After Luke Rockhold's AKA team training session that included a marathon of sparring I ask him what he's got, next. First, he tells me, he's resting for a couple hours.

Then, it's back to the gym for a conditioning session on the AKA bikes. The American Kickboxing Academy team has always been known for their superb physical conditioning and it has paid off in their fights.

Guys like Rockhold, Cain Velasquez and many others often set a pace that their opponents can't keep up with, and then maintain it long enough to drown them. I've always heard that AKA has some circuit workouts involving air dyne bikes that are just brutal, and the basis of their cardiovascular and muscle endurance conditioning work.

Luke confirms. "Bikes at 6. It's what makes us who we are," he says.

After a sushi lunch and a little writing, I return to the gym. Now, I'm just there to watch and grab photos and video.

Rockhold and two young teammates of his are in a room on the second floor of the huge AKA facility. The matted room has the stationary bikes, and lots else.

I count nine different stations, but I could have missed one or two. There will be more than bike sprints in this circuit.

Before they start, AKA head coach Javier Mendez is there and we all chat a bit. Team captain Daniel Cormier is in New York City today, promoting his rematch with Jon Jones.

During a press conference earlier in the day, there were plenty of verbal fireworks. Mendez is happy with how Cormier did.

"He looked relaxed," he tells me.

"The last time he looked too tense. Now, he was having fun. It was good to see. He's ready and in a good place. Plus, he got some good ones in there! He actually got some people on his side (laughs)."

Mendez and Rockhold talk about professional kick boxers who Luke has trained with recently. Rockhold insists that he got the better of all of them.

Mendez, probably just trying to rile his fighter up, sounds his doubts.

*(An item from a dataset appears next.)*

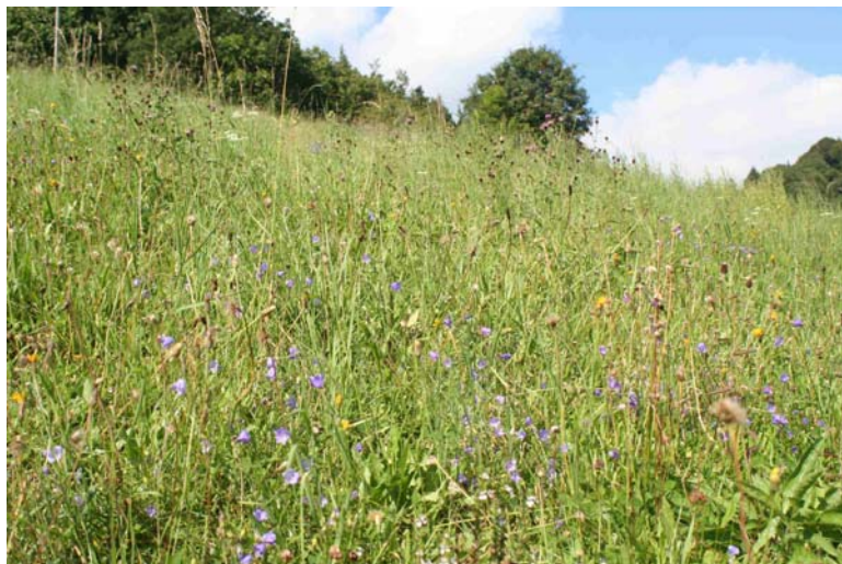
Magere Flachland-Mähwiese [6510] auf dem Sohlberg bei Lautenbach mit Rundblättriger Glockenblume ( Campanula rotundifolia ) und Hain-Flockenblume ( Centaurea nigra )

Talk turns to Jon Jones, again.

Rockhold is quite sure he could beat Jones as well. Light heavyweight is DC's division, though.

Through all this, Mendez looks like an amused mentor, both rolling his eyes and shaking his head at his fighter's arrogance, but also resigned to the fact that Luke always backs up his big talk.

"I won't say anything because every time I tell Luke he can't do something, he goes out and does it," he says, with a proud sigh.

"That's what champions do," Rockhold exclaims, while shadow boxing.

"I'm always going to be here, whooping ass."

Luke sets up his music for the workout he'll lead for him and his teammates. Mendez pops out to let them do their work.

There are stationary bikes, a ground ladder for footwork drills, a padded pillar to wrap legs around and do crunches on, heavy bags, a trampoline, a rope-pull machine. The three men will also make use of the mats and padded walls for a touch and sprawl drill, fighting off the wall drills, and clinch grappling rounds.

Rockhold's trap music-heavy playlist gets going and the trio get on their bikes to begin a laborious 45 minute session. Each round is timed and they move from the bikes to another station, each, then back to the bikes.

Everyone seems to be working hard, but Rockhold manages to perceive lulls in effort and prods his teammates to push it. "This is where you make your gains." he says, while pressing his bike.

"You push through. You don't hold back. It gets easier next time."

There is very little in the way of pausing, at all, for the next 30 minutes, as the three work and sweat from station to station. Afterwards Luke puts his arms high on his head to open up his chest and ease the flow of oxygen.

"I hate that," he tells me.

"Worst 30 minutes of your life."

Yet, they are not done.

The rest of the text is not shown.